*Description of the task*
When copying the records below, keep every word as it is and drop the images.

------------------------

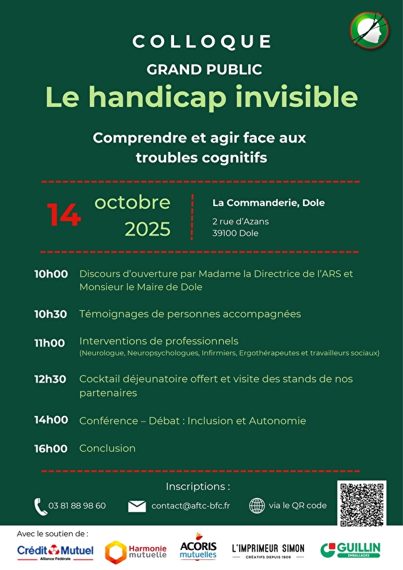 On Tuesday 14 October 2025, the Association des Familles de Traumatisés Crâniens (AFTC) de Bourgogne Franche-Comté is organising a regional conference at La Commanderie in Dole, from 9am to 4pm.
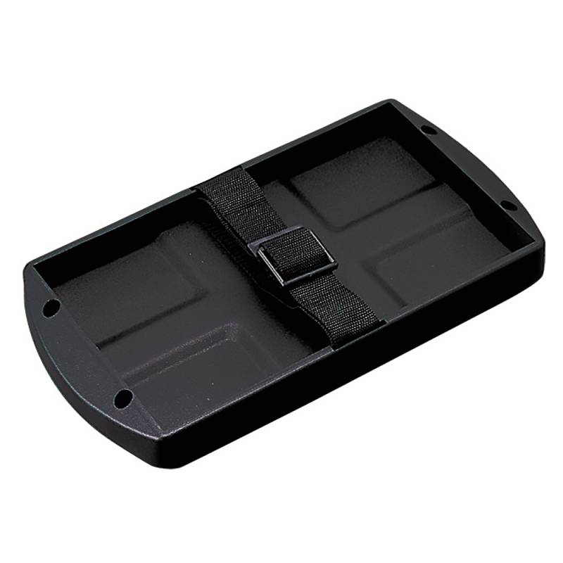 Heavy duty Battery Tray with Strap for size #24 batteries. Includes hold down strap with a quick release buckle and four 1/4"x1" PH screws with washers. Injection molded polypropylene construction.
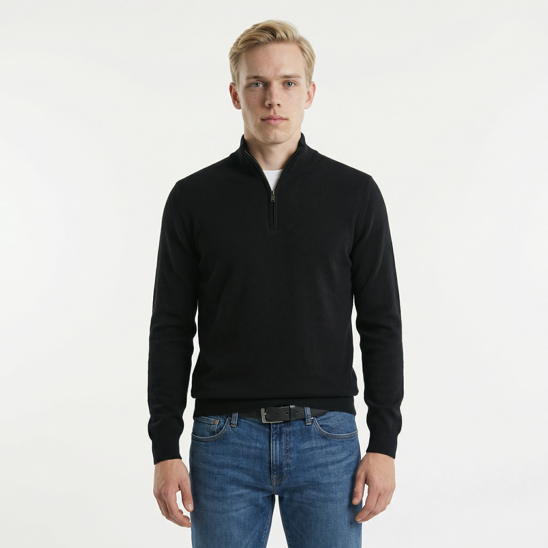 Deze merino wollen heren trui met V-hals en rits combineert een elegante uitstraling met comfortabel draaggemak. De verfijnde snit en klassieke V-hals zorgen voor een verzorgde look, terwijl de ritsdetail een moderne touch toevoegt. Een veelzijdige keuze binnen heren truien en merino wollen truien in Nederland.
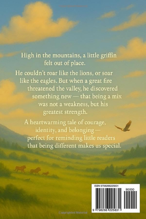 A heartwarming rhyming story about courage, belonging, self acceptance and finding your place. High in the mountains, a little griffin feels out of place. He cannot roar like the lions. He cannot soar like the eagles. But when danger threatens the valley, he discovers that being different is not a weakness — it’s his greatest strength. The Griffin Who Belonged is a heartwarming picture book about courage, identity, and discovering your place in the world. With lyrical rhymes and stunning illustrations, this gentle story shows children that being a mix of two things makes you unique — and that true belonging comes from being yourself. Perfect for bedtime reading or classroom story time, this uplifting tale is ideal for children ages 3–7 who are learning about courage, kindness, and self-acceptance.
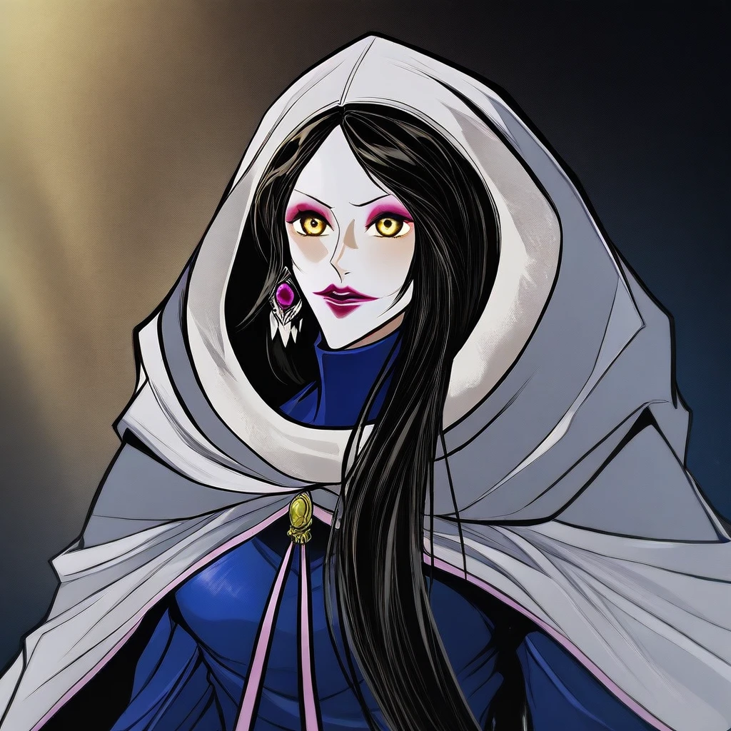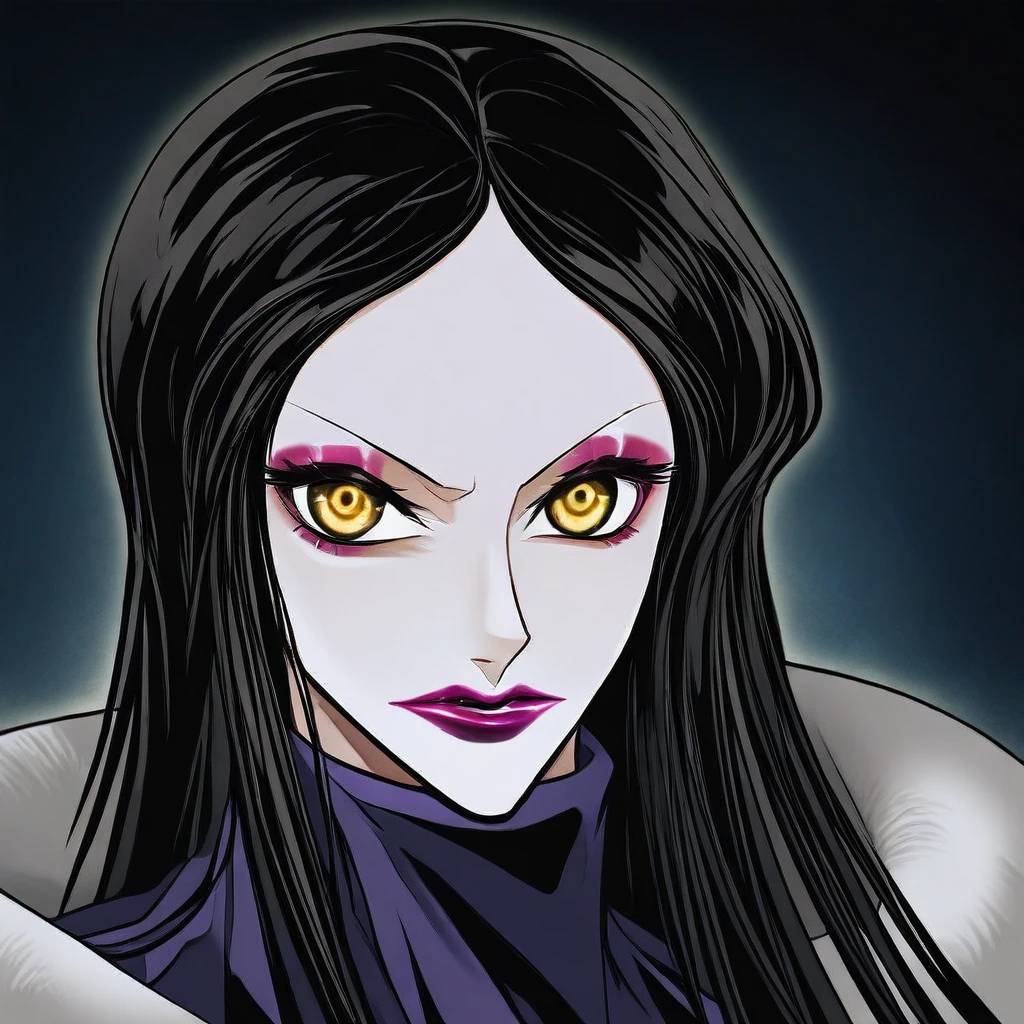 marinamh, long hair, black hair, yellow eyes, lipstick, black nails,nail polish , , earrings, jewelry,
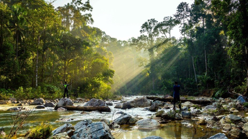 Morning brings the quiet strength of Borneo: an orangutan steps from the trees with the calm of an elder; a longhouse door opens and you’re welcomed not as a stranger, but as a guest. The coast smells of salt and leaves; wind lifts the mangroves like a curtain.
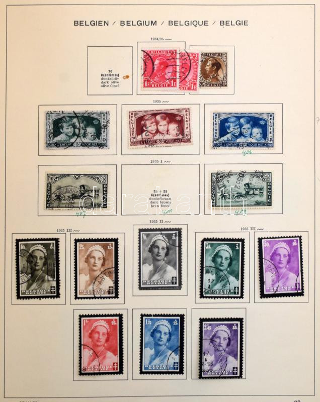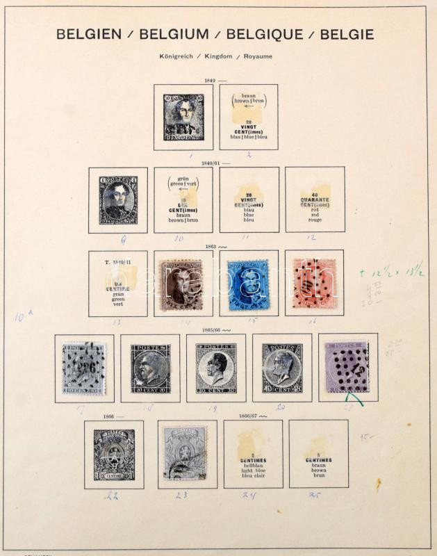 Belgium gyűjtemény maradvány az 1863-1929 közötti időszakból, benne vasúti bélyegek is, előnyomott albumlapokon
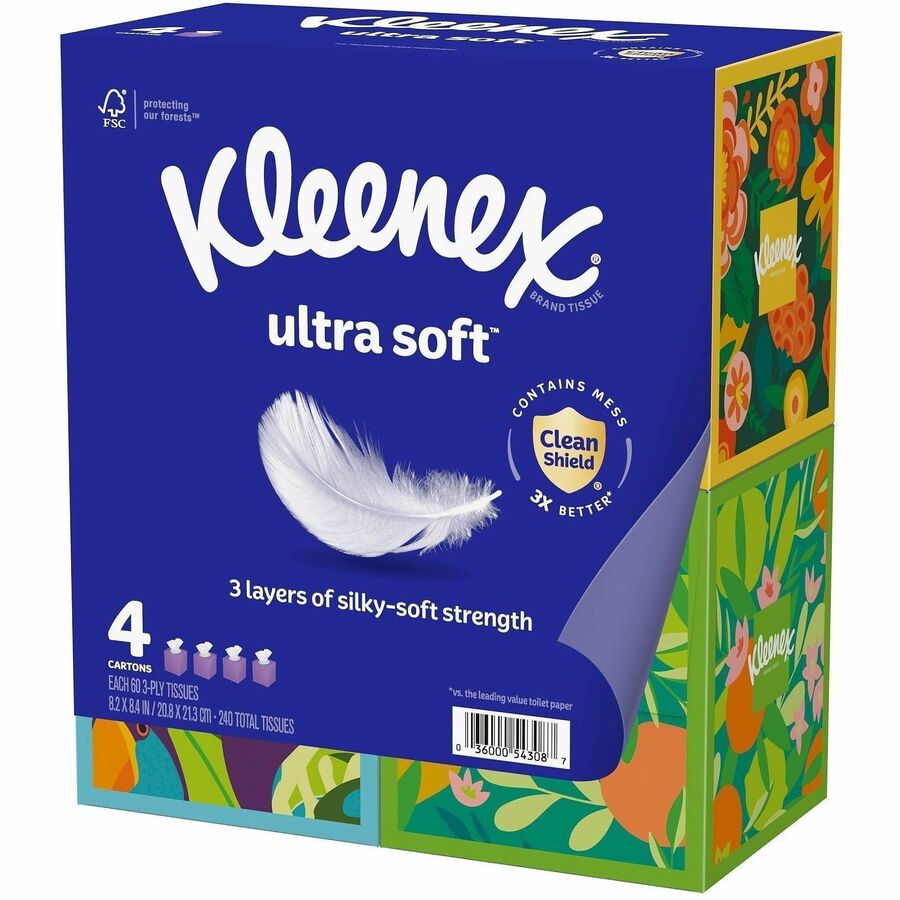 | Marketing Information | Kleenex Ultra Soft Tissues offer dependable strength combined with ultimate softness. Three-ply tissues are soft, strong and fragrance-free. Tissue boxes come in a variety of colors and designs that complement your home, office or business decor. |
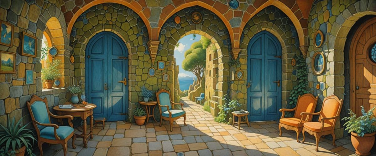 A cheerful image of mysterious passageways with colorful stone walls, arches, chairs, and doorways. The scene is rendered with bright, cheerful colors and volumetric lighting in a whimsical style.
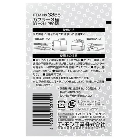 使用可能電力:DC12V車200W以下、DC24V車400W以下
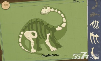 按照右侧的骨头形状,合理的摆放,将恐龙组合成功即可前往下一关卡。
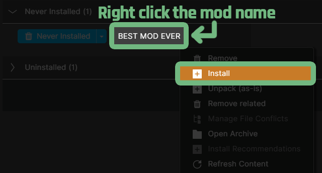 5. Right click on the mod name
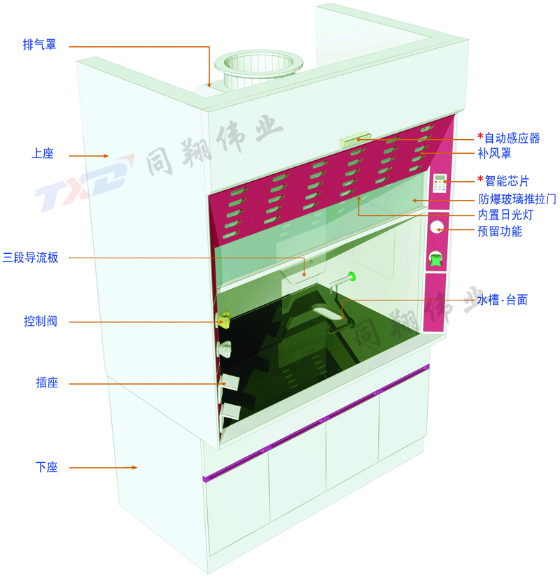 A.結構組合:采用三段組合式柜體,上部柜體(通風柜),中間(操作臺面),下部柜體(內含單側獨立抽氣式組成柜及另側獨立水、電、管線系統容納柜設計。
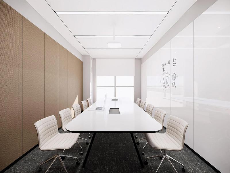 会议室采用简洁利落的长桌布局,一侧软包墙面提升空间质感,另一侧玻璃白板兼顾了会议记录与创意研讨需求。无主灯设计搭配嵌入式轨道灯,保证了均匀充足的照明,为团队头脑风暴与正式会议提供了专业、专注的环境。
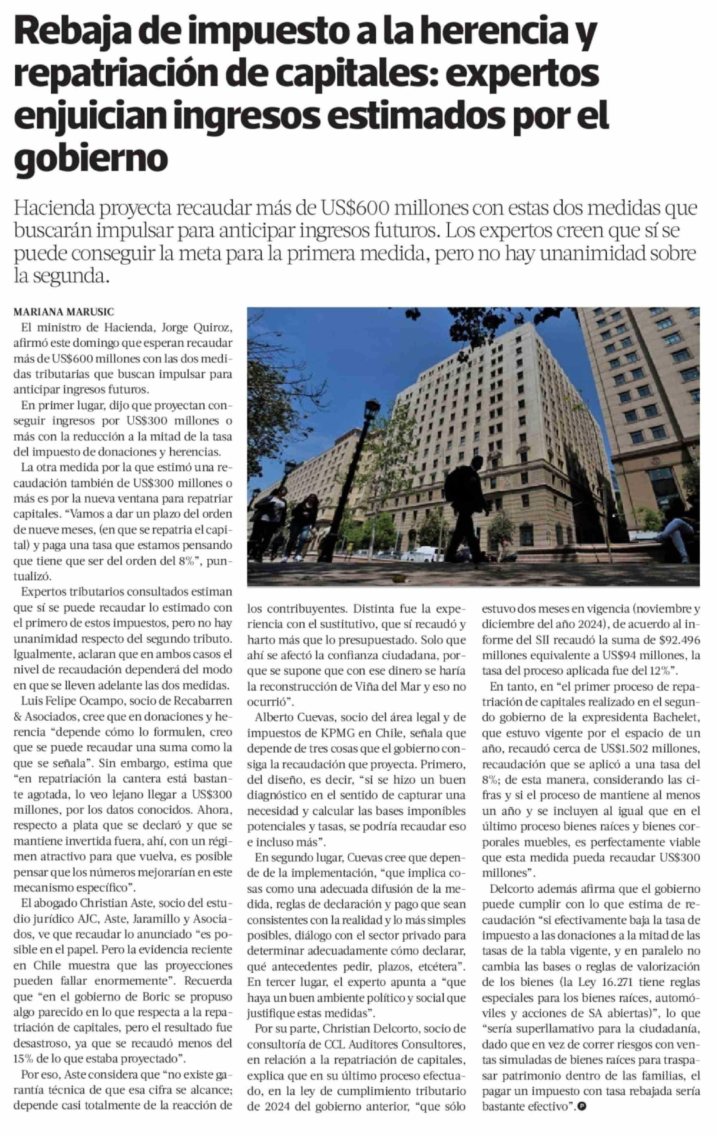 Rebaja de impuesto a la herencia y repatriación de capitales: expertos enjuician ingresos estimados por el gobierno 16-03-2026 La Tercera |
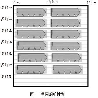 2.3 船舶泊位参数根据港口提供的实际船舶和泊位规格参数,建立船舶精确模型和简化模型,具体模型按照现场作业需求和仿真系统实际运行情况进行选择。为了对港口堆场作业进行有效的仿真分析,在设置泊位参数时,优先考虑实际作业过程中最大泊位通过能力。按照单周作业计划进行工况设定,单周计划作业船舶12艘,单艘船舶装箱量为420~ 530 TEU,卸箱量为420~530 TEU。单周船舶计划见图1。
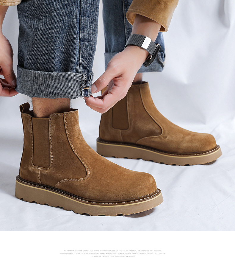 Large size47本革カジュアルチェルシーブーツハイギャングインロンマーティンブーツレトロGenuineLeather

------------------------

*Your solution*
 On Tuesday 14 October 2025, the Association des Familles de Traumatisés Crâniens (AFTC) de Bourgogne Franche-Comté is organising a regional conference at La Commanderie in Dole, from 9am to 4pm.
 Heavy duty Battery Tray with Strap for size #24 batteries. Includes hold down strap with a quick release buckle and four 1/4"x1" PH screws with washers. Injection molded polypropylene construction.
 Deze merino wollen heren trui met V-hals en rits combineert een elegante uitstraling met comfortabel draaggemak. De verfijnde snit en klassieke V-hals zorgen voor een verzorgde look, terwijl de ritsdetail een moderne touch toevoegt. Een veelzijdige keuze binnen heren truien en merino wollen truien in Nederland.
 A heartwarming rhyming story about courage, belonging, self acceptance and finding your place. High in the mountains, a little griffin feels out of place. He cannot roar like the lions. He cannot soar like the eagles. But when danger threatens the valley, he discovers that being different is not a weakness — it’s his greatest strength. The Griffin Who Belonged is a heartwarming picture book about courage, identity, and discovering your place in the world. With lyrical rhymes and stunning illustrations, this gentle story shows children that being a mix of two things makes you unique — and that true belonging comes from being yourself. Perfect for bedtime reading or classroom story time, this uplifting tale is ideal for children ages 3–7 who are learning about courage, kindness, and self-acceptance.
 marinamh, long hair, black hair, yellow eyes, lipstick, black nails,nail polish , , earrings, jewelry,
 Morning brings the quiet strength of Borneo: an orangutan steps from the trees with the calm of an elder; a longhouse door opens and you’re welcomed not as a stranger, but as a guest. The coast smells of salt and leaves; wind lifts the mangroves like a curtain.
 Belgium gyűjtemény maradvány az 1863-1929 közötti időszakból, benne vasúti bélyegek is, előnyomott albumlapokon
 | Marketing Information | Kleenex Ultra Soft Tissues offer dependable strength combined with ultimate softness. Three-ply tissues are soft, strong and fragrance-free. Tissue boxes come in a variety of colors and designs that complement your home, office or business decor. |
 A cheerful image of mysterious passageways with colorful stone walls, arches, chairs, and doorways. The scene is rendered with bright, cheerful colors and volumetric lighting in a whimsical style.
 使用可能電力:DC12V車200W以下、DC24V車400W以下
 按照右侧的骨头形状,合理的摆放,将恐龙组合成功即可前往下一关卡。
 5. Right click on the mod name
 A.結構組合:采用三段組合式柜體,上部柜體(通風柜),中間(操作臺面),下部柜體(內含單側獨立抽氣式組成柜及另側獨立水、電、管線系統容納柜設計。
 会议室采用简洁利落的长桌布局,一侧软包墙面提升空间质感,另一侧玻璃白板兼顾了会议记录与创意研讨需求。无主灯设计搭配嵌入式轨道灯,保证了均匀充足的照明,为团队头脑风暴与正式会议提供了专业、专注的环境。
 Rebaja de impuesto a la herencia y repatriación de capitales: expertos enjuician ingresos estimados por el gobierno 16-03-2026 La Tercera |
 2.3 船舶泊位参数根据港口提供的实际船舶和泊位规格参数,建立船舶精确模型和简化模型,具体模型按照现场作业需求和仿真系统实际运行情况进行选择。为了对港口堆场作业进行有效的仿真分析,在设置泊位参数时,优先考虑实际作业过程中最大泊位通过能力。按照单周作业计划进行工况设定,单周计划作业船舶12艘,单艘船舶装箱量为420~ 530 TEU,卸箱量为420~530 TEU。单周船舶计划见图1。
 Large size47本革カジュアルチェルシーブーツハイギャングインロンマーティンブーツレトロGenuineLeather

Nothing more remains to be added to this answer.